# Reliance Broadband Wifi Issues. Please help.



## nattu123456 (Apr 28, 2012)

Hello All,

I am using Reliance Broadband Freedom 999 Plan with 12 MBPS speed. Since reliance gave me a direct LAN connection without ANY Wifi modem or ADSL Wifi modem, I bought a new Netgear Wireless N 150 Router WGR614 WGR 614 WiFi.

Now whenever I try to connect to internet USING the wifi modem, the internet works for first few minutes after I login but does not work after that. However after sometime internet starts working again. But its an excruciating wait for atleast 10-15 minutes before I am able to access internet again. This cycle goes on and on. I checked if I am able to access the admin login (by opening 192.168.1.1) of the wifi modem and it works

It works perfectly fine if I connect to internet directly through the LAN cable.

Please let me know if I need to make some configuration changes in the Netgear wireless modem.

Thanks,

Nattu


----------



## saswat23 (Apr 28, 2012)

Ask Reliance CC about this query.


----------



## nattu123456 (Apr 29, 2012)

saswat23 said:


> Ask Reliance CC about this query.



They won't help me. They ask me to contact Netgear's cc. This is foolish. I don't know what to do.


----------



## Renny (Apr 29, 2012)

What security standard are you using? (WEP, WPA2 ?) Which channel?


----------



## nattu123456 (Apr 29, 2012)

Xccentricity said:


> What security standard are you using? (WEP, WPA2 ?) Which channel?

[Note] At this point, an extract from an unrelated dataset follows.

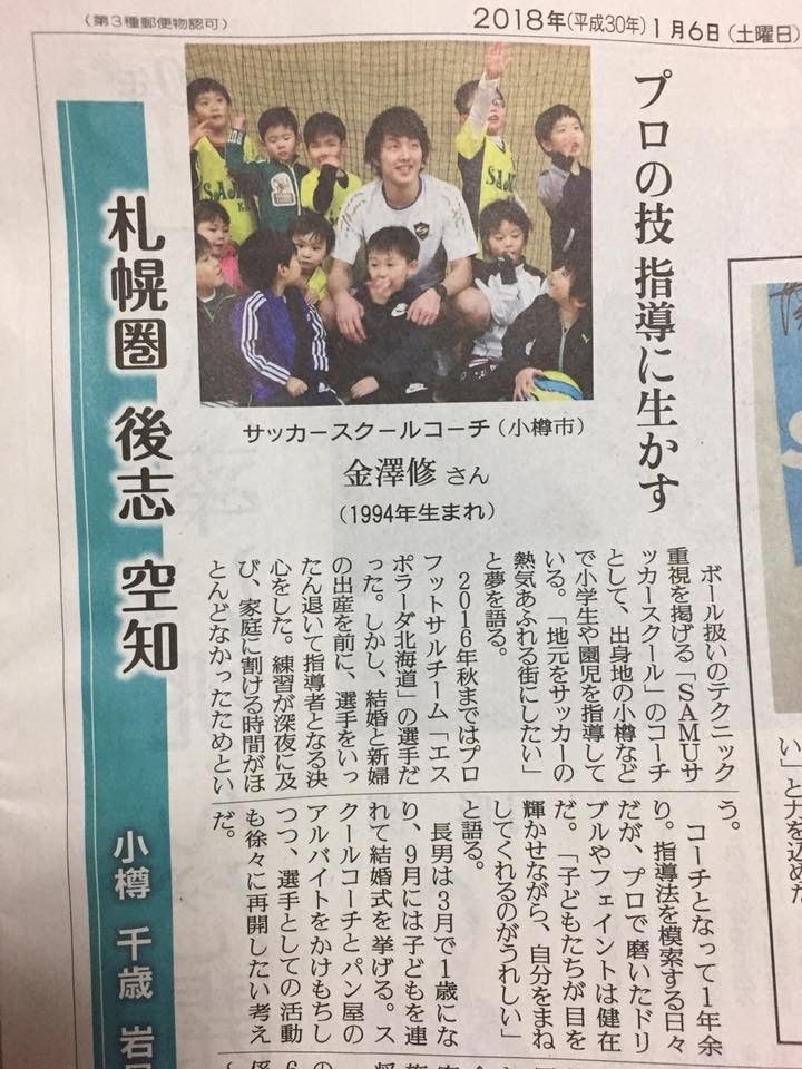 現在は故郷である北海道の小樽市、そして余市郡、倶知安町、泊村の4つの市町村で「SAMU soccer school」を開校し、サッカーの技術を専門としたスクールを幼稚園児から小学生まで、約200名を越える子供達に指導しています。

Security Standard - WPA-PSK TKIP
Channel - Auto (11)

Please help. I am using LAN chord and have two laptops, two smart phones and Samsung Smart TV. I am heavily dependent on WiFi. It seems I have made a big mistake by replacing Airtel with Reliance. But I was tempted by the great speed (12 MBPS with 25 GB data limit) 

Thanks,

Nattu


----------



## Blue Ripazah (May 3, 2012)

any help guys i am also facing the same issue


----------